INFO: Od blisko tysiąca dni podkomisja smoleńska nie informuje, jak wydaje pieniądze – podaje money.pl.
Kolejni przewodniczący podkomisji nie chcą ujawnić, ile kosztowało wysadzenie modelu Tupolewa, ile kosztują ekspertyzy i kto je przygotowuje. Portal money.pl, który usiłuje się dowiedzieć, ile wydaje komisja, musiał sprawę oddać do sądu, ale i to nie skłoniło komisji do wyjawienia swoich wydatków. Wiadomo jedynie, że wydatki idą w miliony złotych. Zespół w pierwszym roku wydał bowiem aż 1,4 mln zł.
Źródło: money.pl
Ten PiSowski kabaret to już dawno powinno się zakończyć.
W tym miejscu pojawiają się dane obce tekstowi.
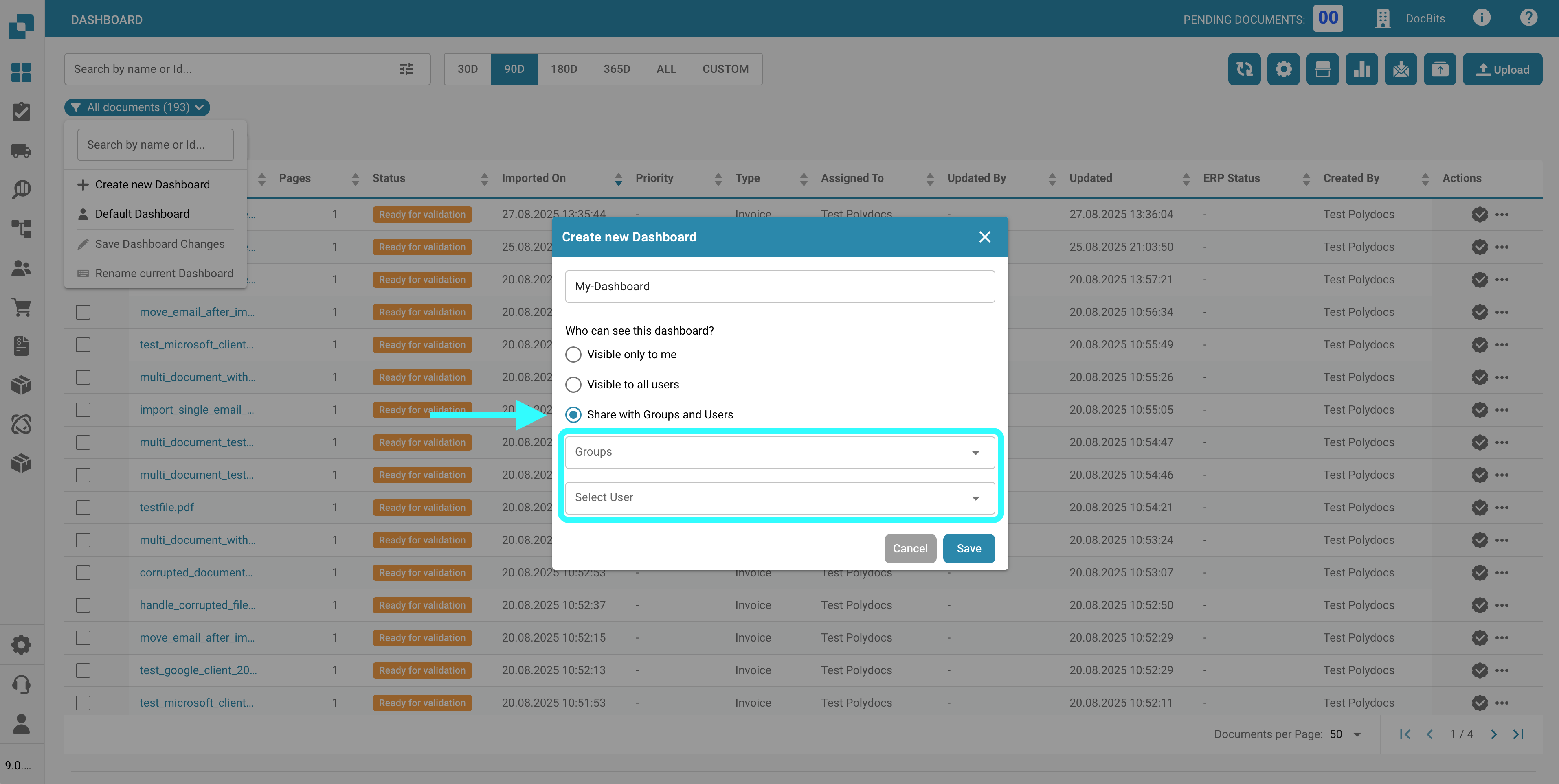 * **Share with groups and users**: Select specific users or user groups who will have view access to the dashboard.
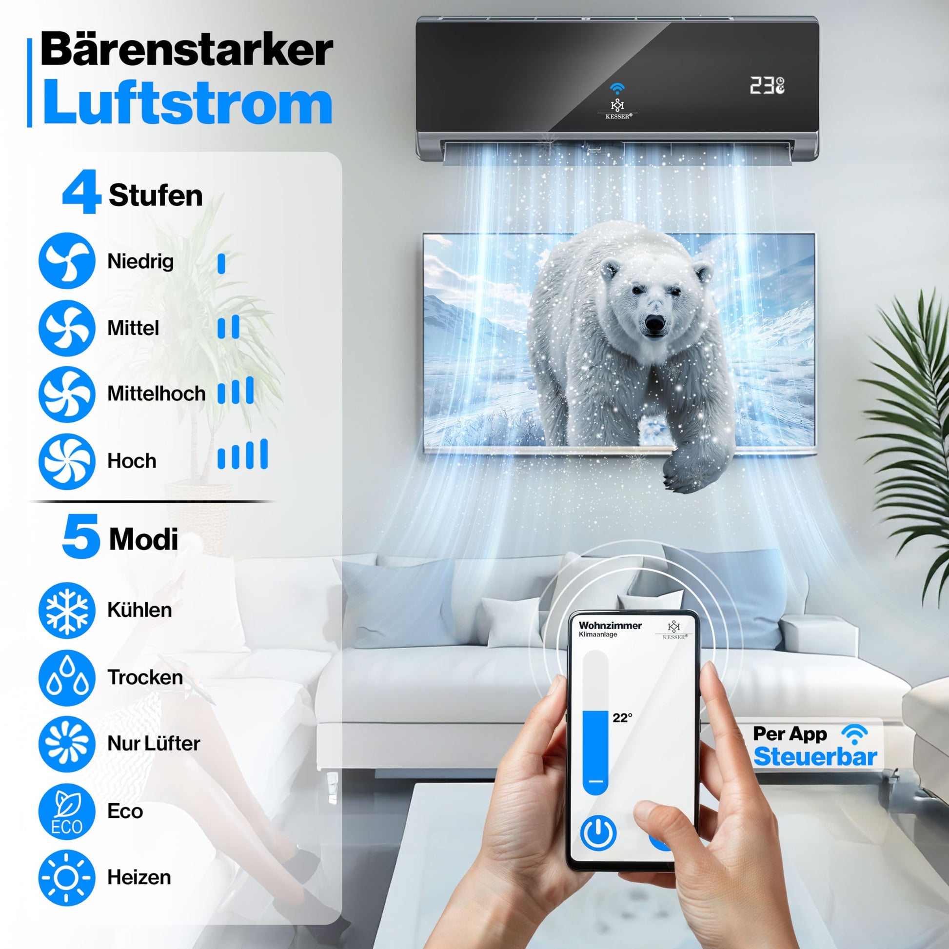 KESSER® Split Klimaanlage 9000 BTU/h WiFi R32
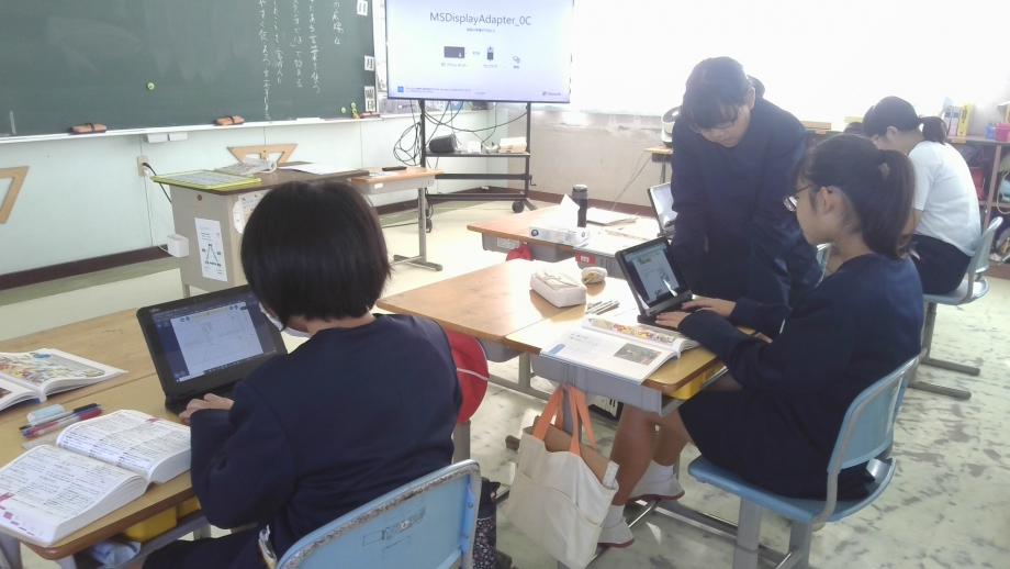 5・6年生は、国語の学習で漢字の広場の学習でタブレット端末と国語辞典を活用しながら学習に取り組めていました。
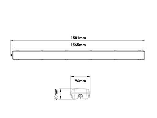 Etanșare IP65, culoarea produsului gri, dim. 1581 x 96 x 60 mm, material ABS și PS, set de montare inclus, două intrări T8 Tube, tub LED nu este inclus, tensiune 220-240V, conexiune L N pe o parte, sku 1068

No ale Macierewicz utrwalił w głowie Jarosława, że jego ś.p. brat został zamordowany, no i to już tak zostanie…
Warto wspomnieć jeszcze jeden “smaczek”:
– otóż gdy Lech udał się był do Gruzji, w towarzystwie prezydentów byłej “pribałtiki”, to kapitan samolotu odmówił lądowania w Tbilisi, jako że był to rejon wojenny. Miał 100% racji! Ale nasz wielce „wybitny” prezydent zamroził potem karierę niepokornego pilota, i nie otrzymał on już potem żadnych, należnych z wysługi laty awansów.
Tedy kapitan samolotu lecącego feralnego dnia do Smoleńska nie chciał podzielić tego losu, i lądowania nie wstrzymał. Z wiadomym skutkiem. Tak więc Lech K. zabił sam siebie…
Gdyby PO/PSL tego nie spartoliła, nie trzeba by teraz wydawać kilkukrotnie więcej forsy, ot i wszystko bo co tu…. i tak wstyd na cały świat i bez żadnego usprawiedliwienia! żenada i dno państwa polskiego
Dziwny tok rozumowania. To tak jak: “Gdyby PO nie kradło, to PIS nie musiałby teraz kraść jeszcze więcej”.